Created attachment 1272698 [details] failed build desc
Created attachment 1272699 [details] completed build desc
the build in https://bugzilla.redhat.com/attachment.cgi?id=1272696 at least shows a started timestamp and a completion timestamp, which makes me think you're hitting this: https://github.com/openshift/origin/issues/12549 which was fixed here: https://github.com/openshift/origin/pull/12569
Tested with following version of openshift and docker, I still see the problem. Please see attachments for details root@ip-172-31-4-124: ~ # openshift version openshift v3.6.65 kubernetes v1.6.1+5115d708d7 etcd 3.1.0 root@ip-172-31-4-124: ~ # docker version Client: Version: 1.12.6 API version: 1.24 Package version: docker-1.12.6-19.git92b10e4.el7.x86_64 Go version: go1.7.4 Git commit: 92b10e4/1.12.6 Built: Tue May 2 15:06:29 2017 OS/Arch: linux/amd64 Server: Version: 1.12.6 API version: 1.24 Package version: docker-1.12.6-19.git92b10e4.el7.x86_64 Go version: go1.7.4 Git commit: 92b10e4/1.12.6 Built: Tue May 2 15:06:29 2017 OS/Arch: linux/amd64
Created attachment 1277151 [details] build json v3.6.65
Created attachment 1277152 [details] build desc v3.6.65
I'm not seeing a missing duration, but I am seeing an incorrect duration (it's reported as 0s): Started: Mon, 08 May 2017 13:53:19 EDT Duration: 0s FetchInputs: 1s CommitContainer: 14s Assemble: 59s PostCommit: 0s PushImage: 14s The startTimestamp value is the same as the completionTimestamp value. This is likely because we introduced logic to force-set the startTimestamp to the same value as the completionTimestamp, if the startTimestamp was not already set when the build completes. That should only happen when a build completes so fast that the pod controller doesn't even see the pod "start", so we never updated the startTimestamp value. However this build clearly took quite a bit of time, so it's not obvious to me why the pod controller would not have seen the pod in a running state and updated the build with a start timestamp before the completion occurred. if you can recreate this with loglevel 5 logs for both the master and the build in question, that would be helpful for us to track down the chain of events leading to this.

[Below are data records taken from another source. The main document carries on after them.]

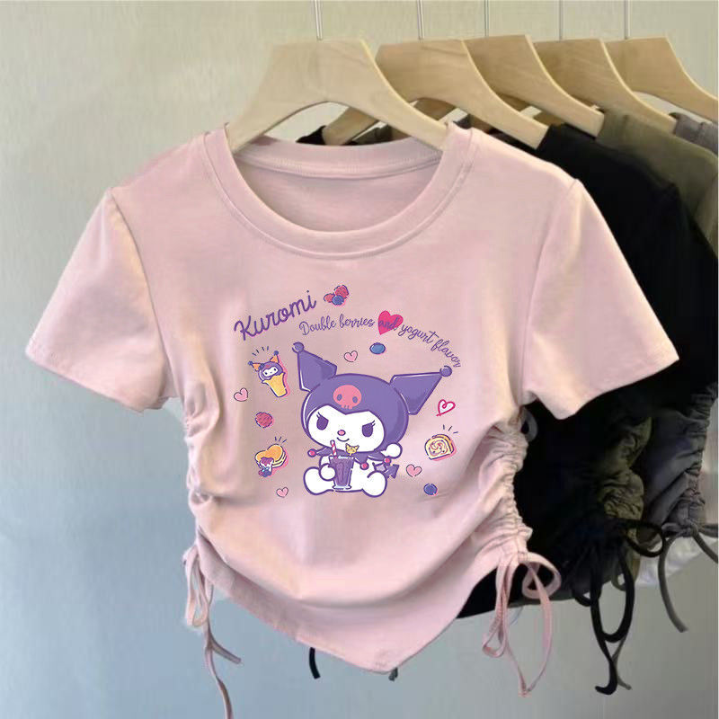 Jade Dog Girls Drawstring 반팔 티셔츠 Xia Kuromi 큰 어린이 짧은 셔츠 여성용 얼음 실크 스레드 반팔 탑
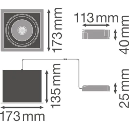 Description Ledvance Spot LED Carré Multi inclinable Noir-Blanc 30W 2700lm 38D - 840 Blanc Froid | Diamètre 164mm
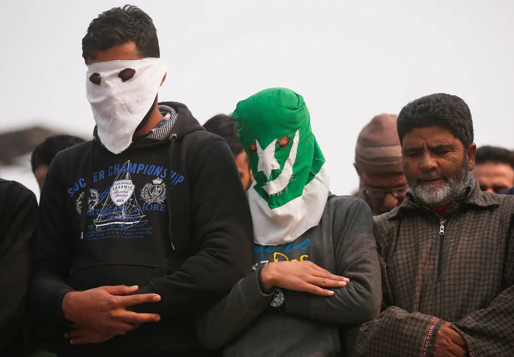 Masked protesters offer funeral prayers of Ghulam Mohammad Khan, a civilian who according to local media succumbed to injuries from a teargas shell fired by Indian police during a protest earlier this month, in Srinagar, November 17, 2016. (Photo by Danish Ismail/Reuters)

Hi Ben, This is how I see the completed builds where duration is missing in oc get builds command proj6 cakephp-mysql-example-7 Source Git@0014dde Complete 13 minutes ago 4s proj6 cakephp-mysql-example-8 Source Git@0014dde Complete 11 minutes ago proj6 cakephp-mysql-example-9 Source Git@0014dde Complete 8 minutes ago 6s proj7 cakephp-mysql-example-1 Source Git@0014dde Complete 40 minutes ago 2m17s proj7 cakephp-mysql-example-10 Source Git@0014dde Complete 8 minutes ago proj7 cakephp-mysql-example-11 Source Git@0014dde Complete 5 minutes ago proj7 cakephp-mysql-example-12 Source Git@0014dde Complete 2 minutes ago proj7 cakephp-mysql-example-2 Source Git@0014dde Complete 30 minutes ago 11s I am re-running the test with loglevel 5 will update the bug again.
Created attachment 1277163 [details] logs with loglevel5 v3.6.65
do you know the name of one of the builds that had a zero/missing duration in this run?
Yes, proj26/builds/cakephp-mysql-example-15 Logs of this build with logleve 5 is also attached.
Created attachment 1277421 [details] build json v3.6.65
found the issue, PR here: https://github.com/openshift/origin/pull/14131
Verified on following version openshift v3.6.94 kubernetes v1.6.1+5115d708d7 etcd 3.1.0 Complete many iterations of 50 concurrent builds where lot of builds also failed due to context deadline exceeded errors from docker. All the builds have Duration field populated.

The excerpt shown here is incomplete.